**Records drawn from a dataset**
== Segment start ==
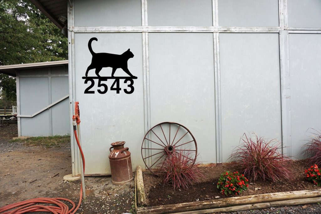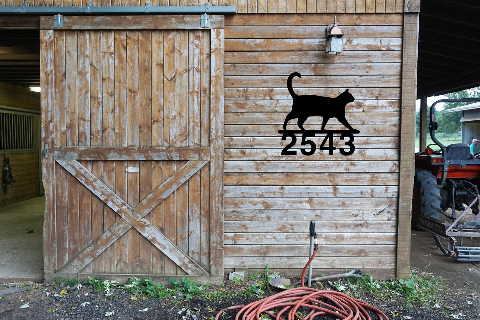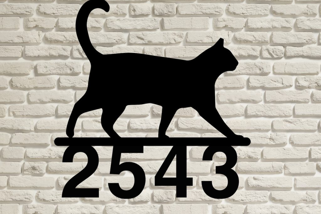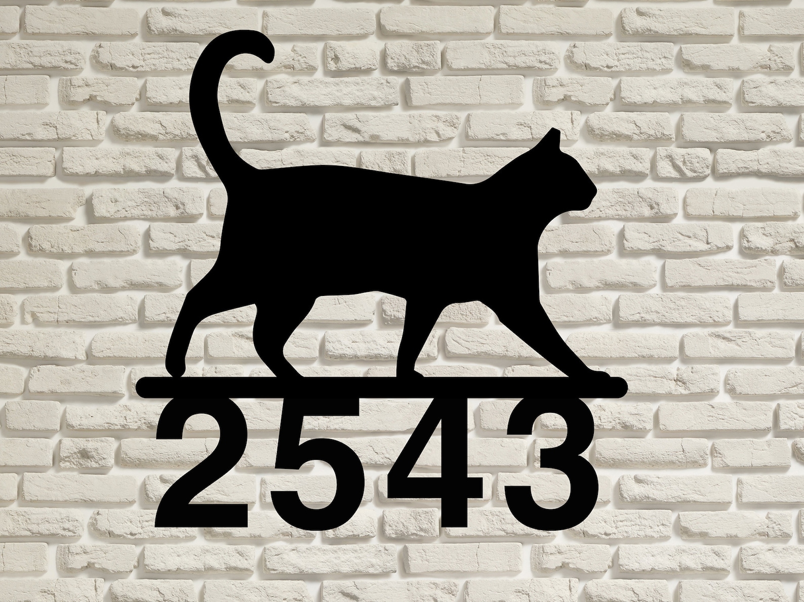 If you love cats and all things feline, you9;ll love this unique walking cat house number sign customized with your home9;s numbers. This custom metal address plaque will look gorgeous on the exterior of your home, your garage, porch, or front door to help others find your home address.
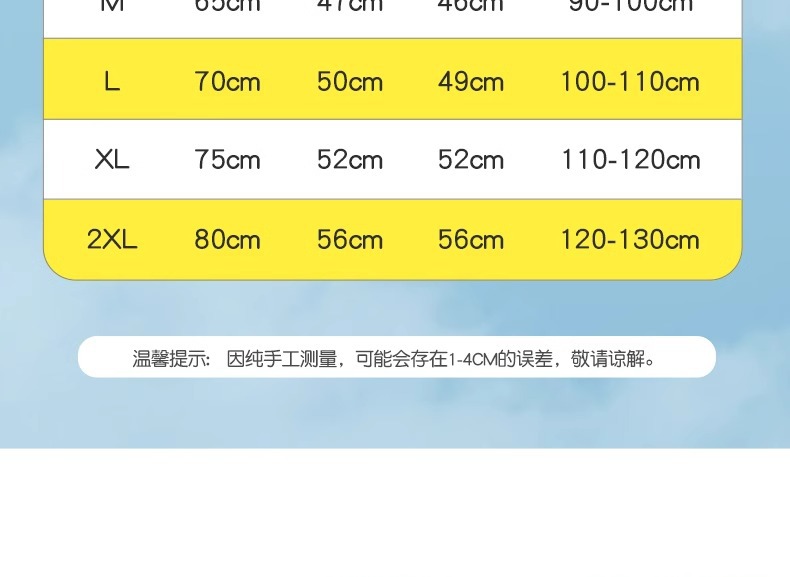 • 2XL 권장 신장 기준은 120-130CM입니다.
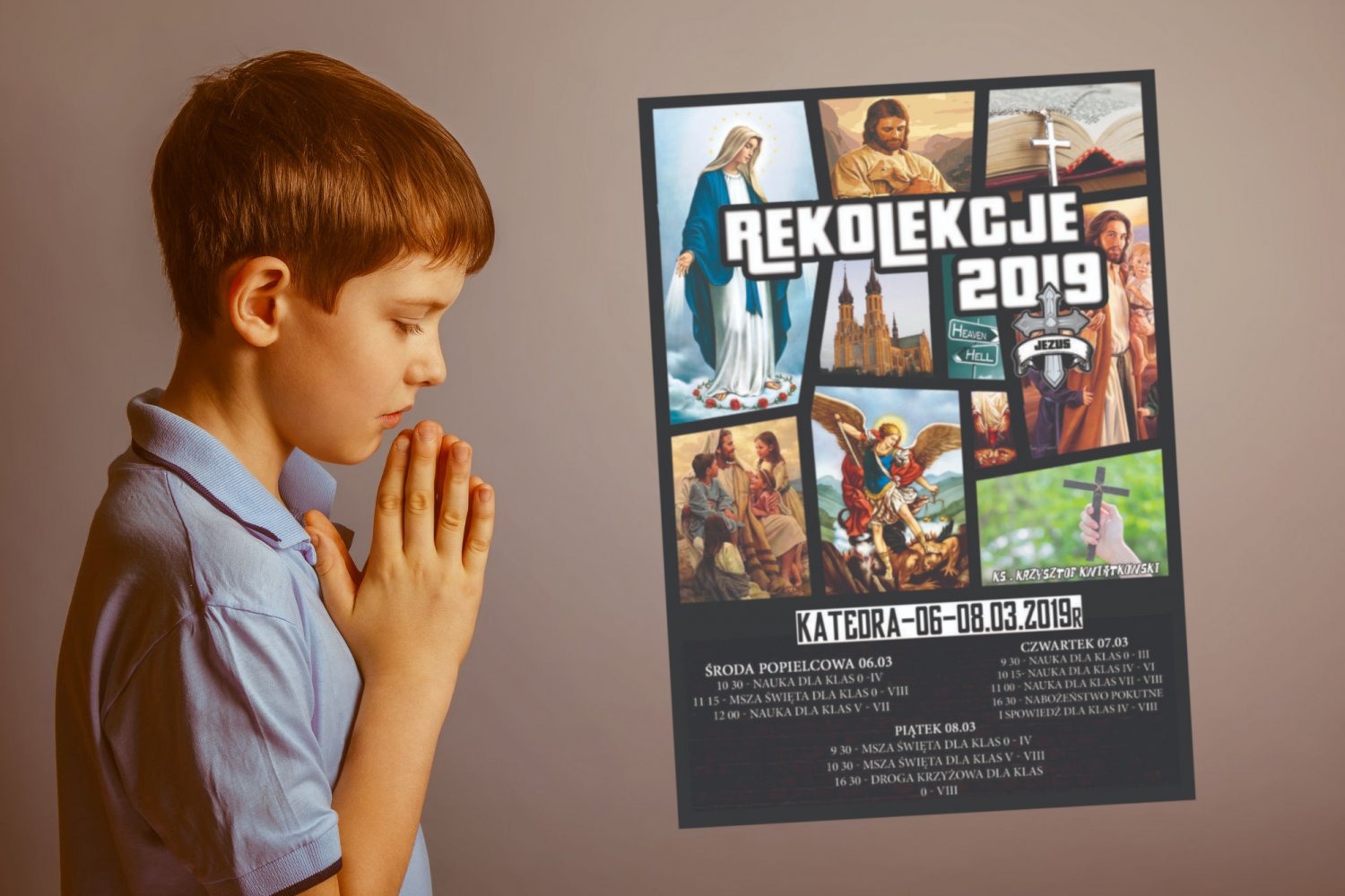 Na plakacie promującym rekolekcje dla uczniów podstawówek miejsce gangsterki w bikini zajęła Najświętsza Maryja Panna, zamiast śmigłowca szturmowego z działkami Gatlinga M197 widzimy Biblię uzbrojoną w różaniec, socjopata Trevor z GTAV to w wersji radomskiej Jezus Chrystus z dzieckiem na rękach, a scenę z brutalnych wojen narkotykowych zastąpił archanioł Michał walczący z szatanem i jego pokusami.
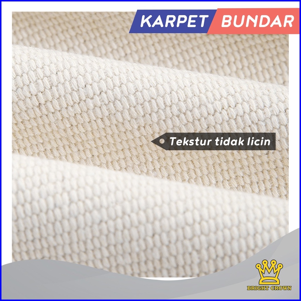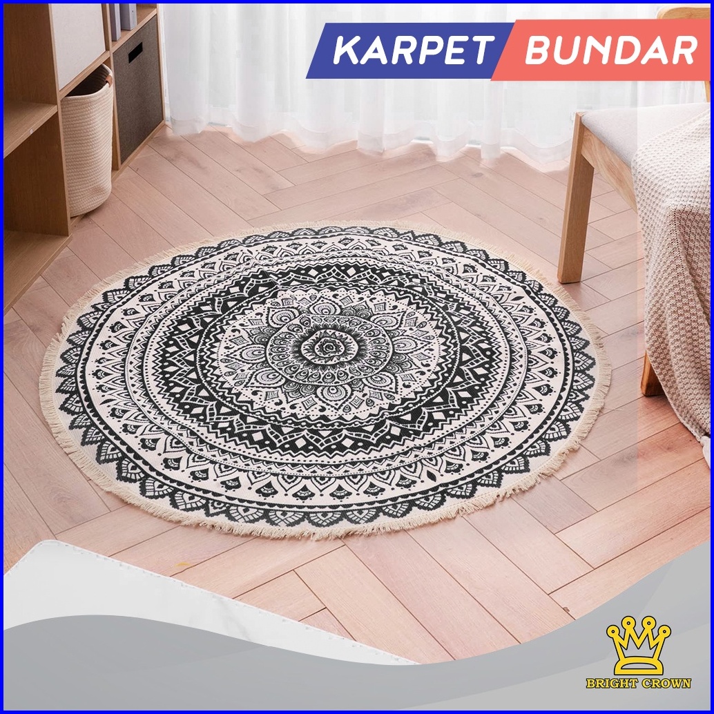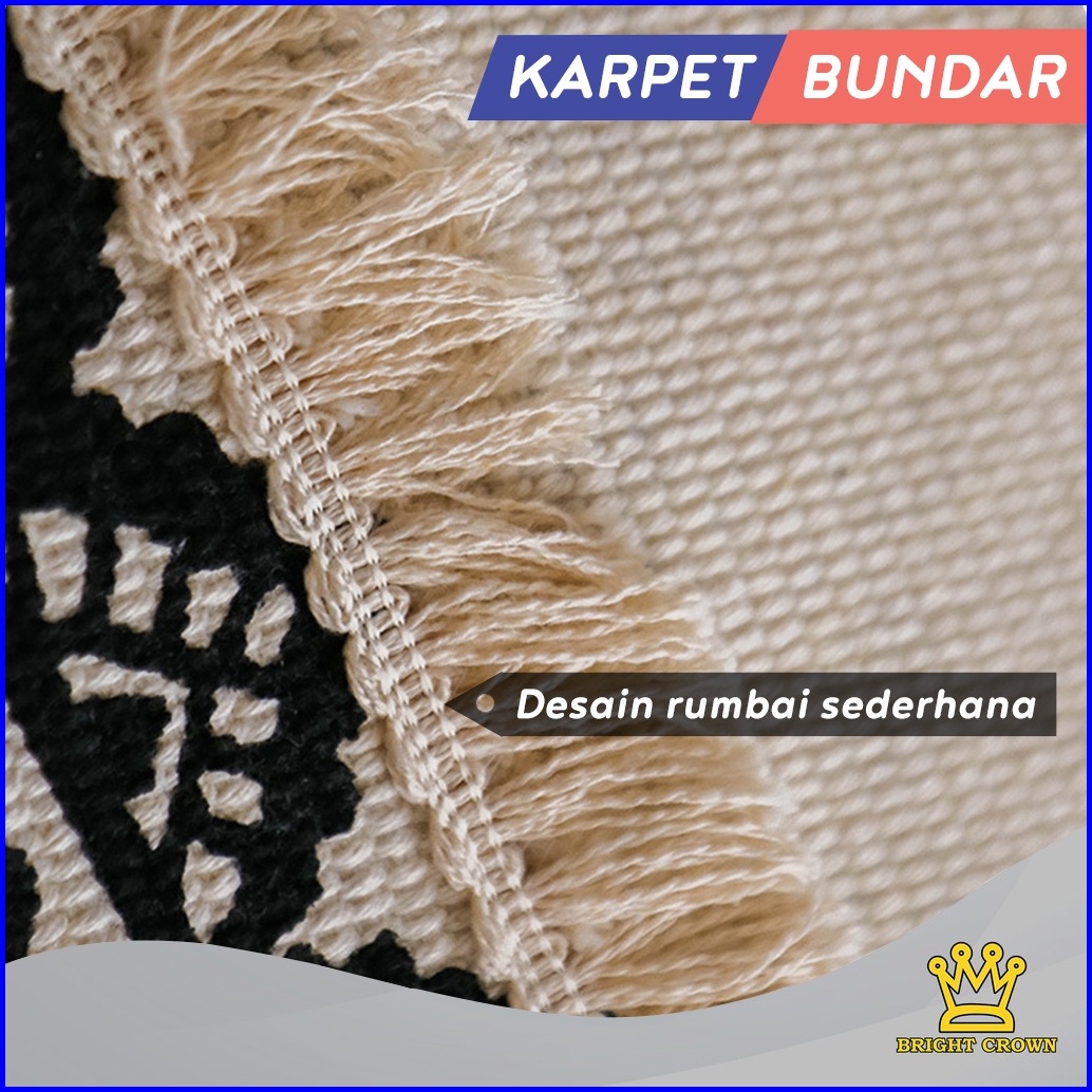 Bright Crown Promo Beli Lokal Keset Karpet Katun Tenun Linen Bohemian Bentuk Bundar Monokrom 90x90cm
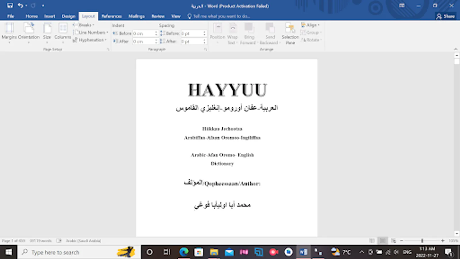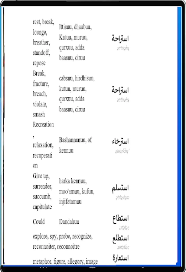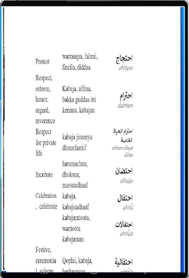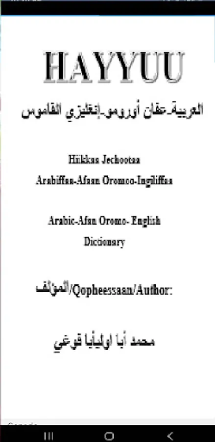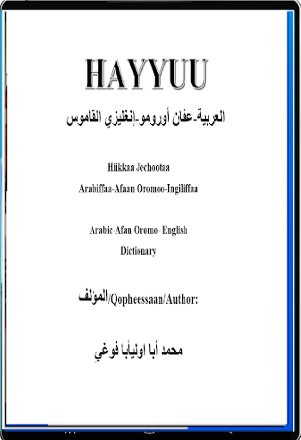 HAYYUU Arabic- Afan Oromo- English dictionary is bringing Afan Oromo to the horizon of the speakers! This Dictionary has more than 40,000 Arabic words translated into Afan Oromo and English languages with examples. It was the biggest and largest books in Arabic- Afan Oromo- English version.
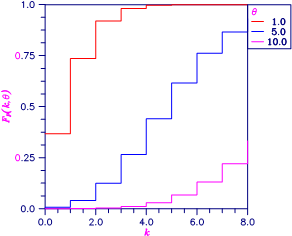 The function imsl_f_poisson_cdf evaluates the distribution function of a Poisson random variable with parameter theta. The mean of the Poisson random variable, theta, must be positive. The probability function (with θ = theta) is
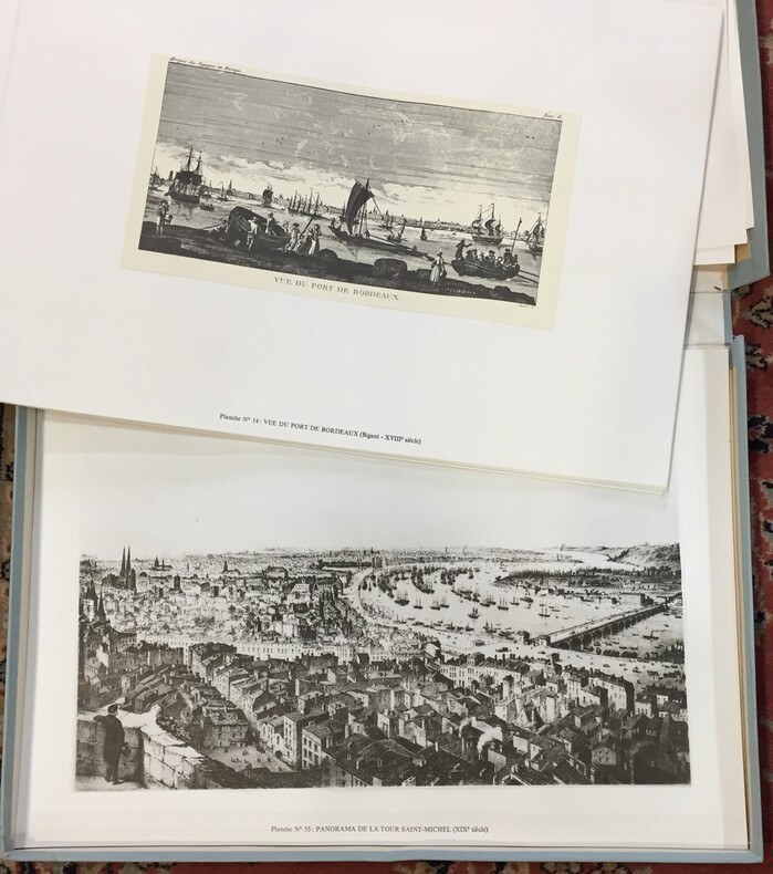Remarquable recueil de reproductions de cartes et vues anciennes de la région de Bordeaux et du Bordelais : cartes de la Guyenne, vues et cartes de Bordeaux mais aussi vues et plans de Blaye, Cadillac, Cordouan, etc... Bon état (étui un peu frotté, très bon état intérieur)
== Segment end ==
**TASK BRIEF**
Without the pictures, write out the lines from the beginning of the entries through the line with "Bright Crown Promo".

**ANSWER SPACE**
 If you love cats and all things feline, you9;ll love this unique walking cat house number sign customized with your home9;s numbers. This custom metal address plaque will look gorgeous on the exterior of your home, your garage, porch, or front door to help others find your home address.
 • 2XL 권장 신장 기준은 120-130CM입니다.
 Na plakacie promującym rekolekcje dla uczniów podstawówek miejsce gangsterki w bikini zajęła Najświętsza Maryja Panna, zamiast śmigłowca szturmowego z działkami Gatlinga M197 widzimy Biblię uzbrojoną w różaniec, socjopata Trevor z GTAV to w wersji radomskiej Jezus Chrystus z dzieckiem na rękach, a scenę z brutalnych wojen narkotykowych zastąpił archanioł Michał walczący z szatanem i jego pokusami.
 Bright Crown Promo Beli Lokal Keset Karpet Katun Tenun Linen Bohemian Bentuk Bundar Monokrom 90x90cm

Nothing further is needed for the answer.